Sepertinya aku sedikit lebih beruntung daripada Bu Siti karena meskipun aku anak yatim piatu tanpa saudara, tetapi sempat merasakan kasih sayang orang tua sebelum kecelakaan pesawat merenggut mereka 20 tahun yang lalu. Hingga selama ini aku dibesarkan oleh almarhum paman.
Sedangkan Ibu Siti, semenjak bayi sudah kehilangan kedua orangtuanya. Hanya hidup dengan Kakek Dipo yang konon sahabat orangtuanya. Jika memang benar kaleng kotak seukuran dompet wanita itu adalah peninggalan ayahnya, tentu akan sangat berarti baginya.

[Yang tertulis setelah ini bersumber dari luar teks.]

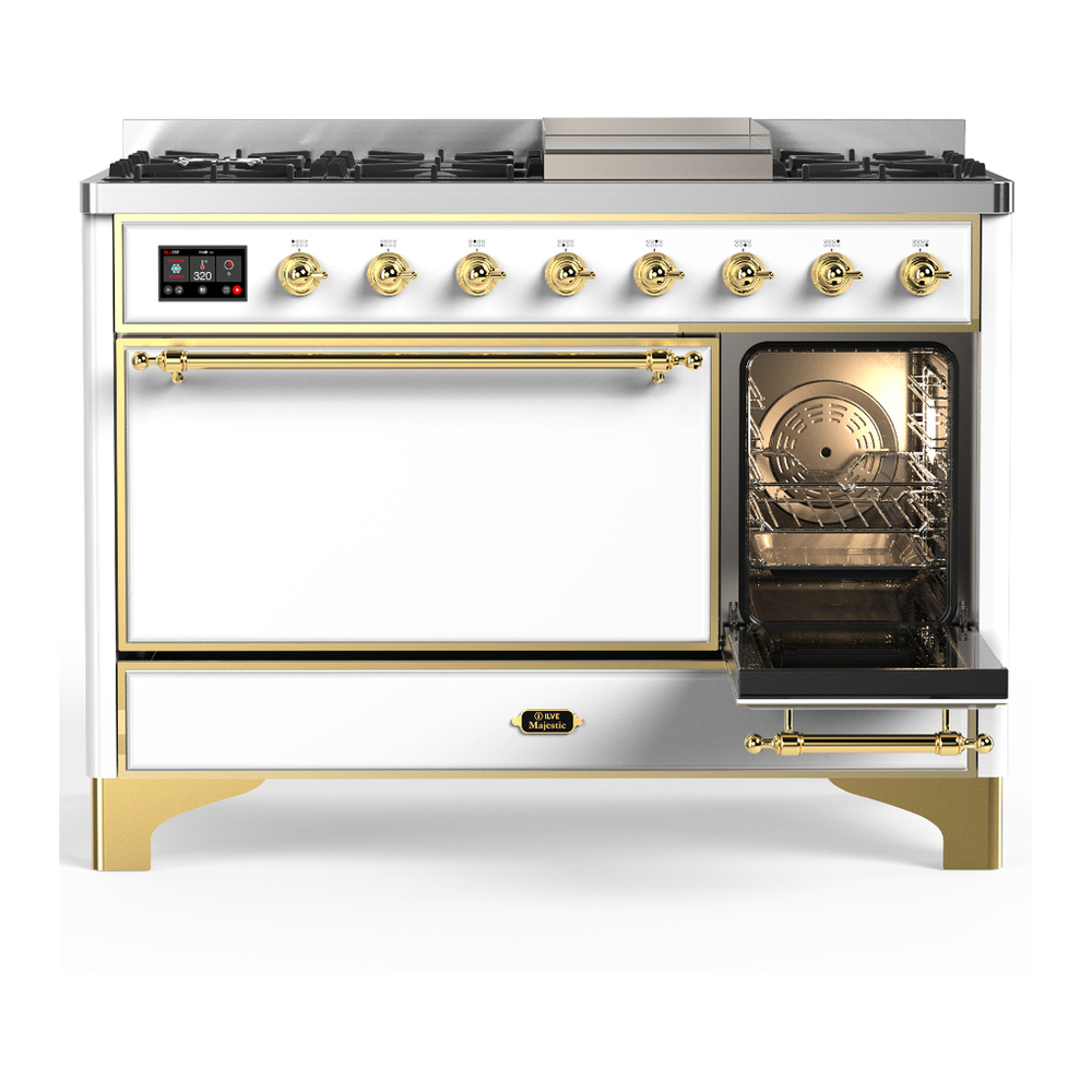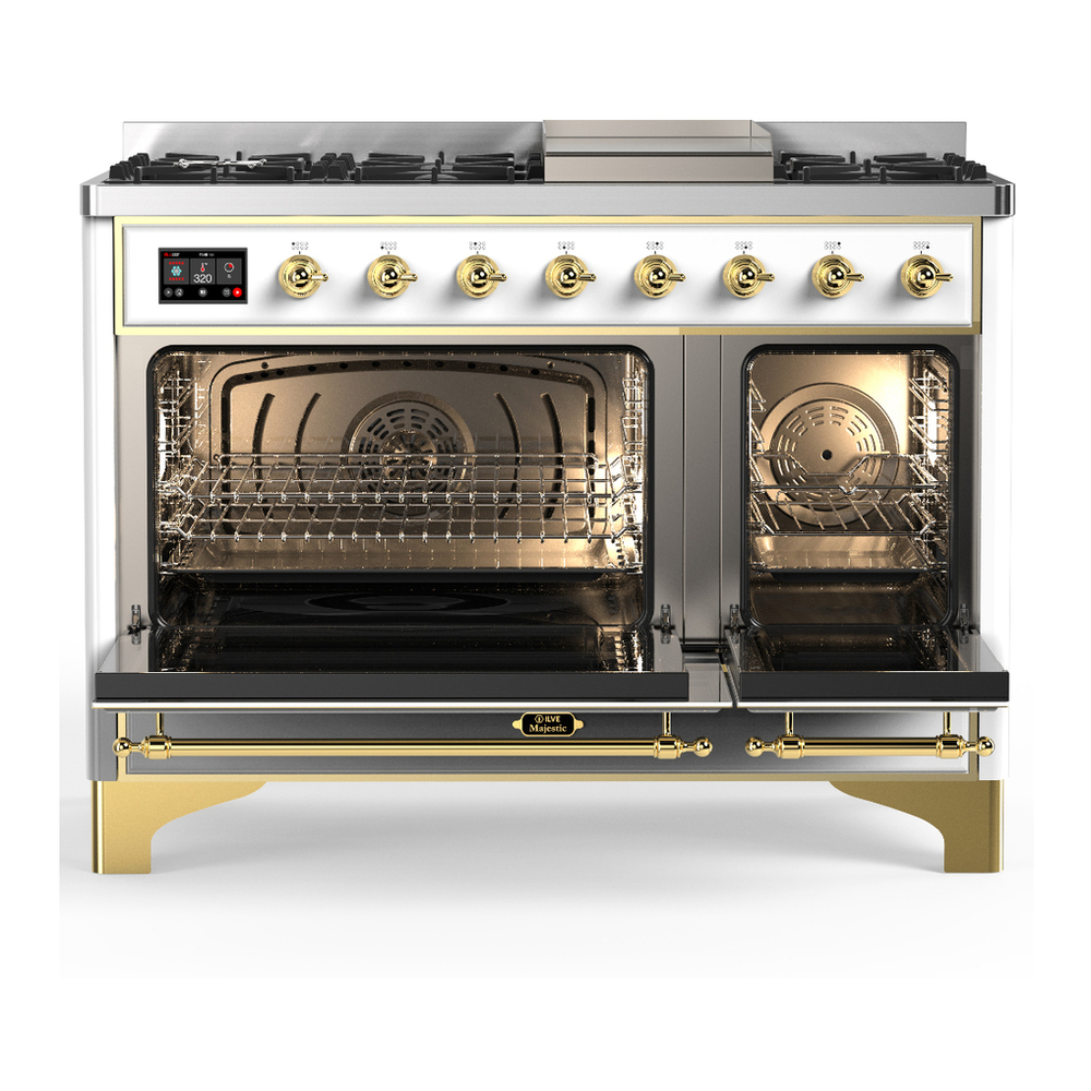 ILVE UM48FQNR3WHG Majestic III 48 inch Dual Fuel Range with 8 Burners and Griddle, Dual Function Burner up to 25,000 BTU (Natural Gas, Solid Door, White, Brass)

Sebenarnya tujuan kami kesini hanya sekedar ingin mengucapkan terima kasih kepada Pak Edi yang semalam membantu kami menemukan Bu Siti. Selain itu kami juga penasaran akan sosok Pak Edi yang bisa dengan cepat dan tepat mengetahui keberadaan Bu Siti.

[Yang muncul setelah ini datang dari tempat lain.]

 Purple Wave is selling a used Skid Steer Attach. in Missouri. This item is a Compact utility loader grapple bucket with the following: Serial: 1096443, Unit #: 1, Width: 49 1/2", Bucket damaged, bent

Ditambah lagi teka-teki tentang pengemis yang berbicara dengan Pak Edi di mulut gua. Pengemis yang sebelumnya menggedor mobil kami dan melarang kami ke pantai itu dengan menyebut nama "Sridiah". Aku belum berani bercerita tentang Sridiah kepada bu Siti ataupun Nirmala. Meskipun aku yakin bahwa Sridiah adalah nenek dari Nirmala, kisahnya terlalu tragis untuk diceritakan meski aku belum tahu versi lengkapnya.
***
Arrrg!!! Whoaaa!
Tiba-tiba terdengar raungan dari dalam rumah. Para tamu pun berdesakan di pintu dan jendela karena penasaran.
Brak! Bruakk!!! Brakk!!!
Suara hentakan seorang pria yang sedang terbaring di atas ranjang kayu. Nirmala duduk mendekat pada ibunya sementara aku berdiri melihat kondisi dalam rumah dari sebuah jendela. Tak ada tamu yang berani masuk.

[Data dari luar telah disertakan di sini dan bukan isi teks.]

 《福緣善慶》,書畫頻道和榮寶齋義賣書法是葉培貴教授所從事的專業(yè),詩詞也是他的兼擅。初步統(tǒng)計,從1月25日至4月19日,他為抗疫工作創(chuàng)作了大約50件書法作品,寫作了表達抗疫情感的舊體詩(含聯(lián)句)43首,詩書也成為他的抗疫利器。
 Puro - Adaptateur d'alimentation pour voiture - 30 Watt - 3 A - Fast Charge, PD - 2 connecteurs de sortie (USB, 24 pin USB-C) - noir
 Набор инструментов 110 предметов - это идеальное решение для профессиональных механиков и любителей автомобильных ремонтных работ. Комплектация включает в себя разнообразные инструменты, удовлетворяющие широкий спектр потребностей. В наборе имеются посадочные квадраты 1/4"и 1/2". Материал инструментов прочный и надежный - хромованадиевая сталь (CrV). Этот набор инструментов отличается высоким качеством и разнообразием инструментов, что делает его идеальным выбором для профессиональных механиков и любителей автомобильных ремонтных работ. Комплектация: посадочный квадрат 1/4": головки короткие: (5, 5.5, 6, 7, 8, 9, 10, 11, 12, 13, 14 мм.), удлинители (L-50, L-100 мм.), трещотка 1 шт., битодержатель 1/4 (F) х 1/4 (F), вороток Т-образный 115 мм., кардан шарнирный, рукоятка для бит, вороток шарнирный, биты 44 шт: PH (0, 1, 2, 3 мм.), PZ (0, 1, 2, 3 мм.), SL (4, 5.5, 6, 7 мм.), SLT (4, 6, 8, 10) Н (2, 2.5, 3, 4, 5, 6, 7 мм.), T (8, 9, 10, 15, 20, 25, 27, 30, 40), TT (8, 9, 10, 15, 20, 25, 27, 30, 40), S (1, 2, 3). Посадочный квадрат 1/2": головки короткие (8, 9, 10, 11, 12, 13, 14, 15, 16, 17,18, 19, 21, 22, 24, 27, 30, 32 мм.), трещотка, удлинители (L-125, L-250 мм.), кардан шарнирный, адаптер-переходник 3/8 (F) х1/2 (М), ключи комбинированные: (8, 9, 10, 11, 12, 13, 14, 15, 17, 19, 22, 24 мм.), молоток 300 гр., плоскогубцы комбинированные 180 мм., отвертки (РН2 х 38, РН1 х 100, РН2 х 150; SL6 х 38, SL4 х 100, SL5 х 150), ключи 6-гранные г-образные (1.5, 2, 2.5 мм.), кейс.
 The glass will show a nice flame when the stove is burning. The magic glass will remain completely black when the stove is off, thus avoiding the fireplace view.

Entah apa yang merasuki pria di ranjang itu, tiba-tiba ia berbalik posisi seperti orang bersujud tetapi tangannya menjulur ke samping. Jari-jarinya kaku menggaruk-garuk papan ranjang kayu itu.
"Keluarlah kamu dari tubuhnya!" perintah Pak Edi lantang.
Aurmm! Rrrr!
Pria yang kerasukan itu mengeram. Dua laki-laki yang tampaknya bapak dan adik dari pria yang kerasukan itu bahkan terlempar beberapa meter, tak lagi mampu memegangi tangannya. Sementara ibunya begitu ketakutan dan berlari ke belakang Pak Edi.
"Kamu jin atau siluman?" tanya pak Edi yang berdiri tenang di hadapannya.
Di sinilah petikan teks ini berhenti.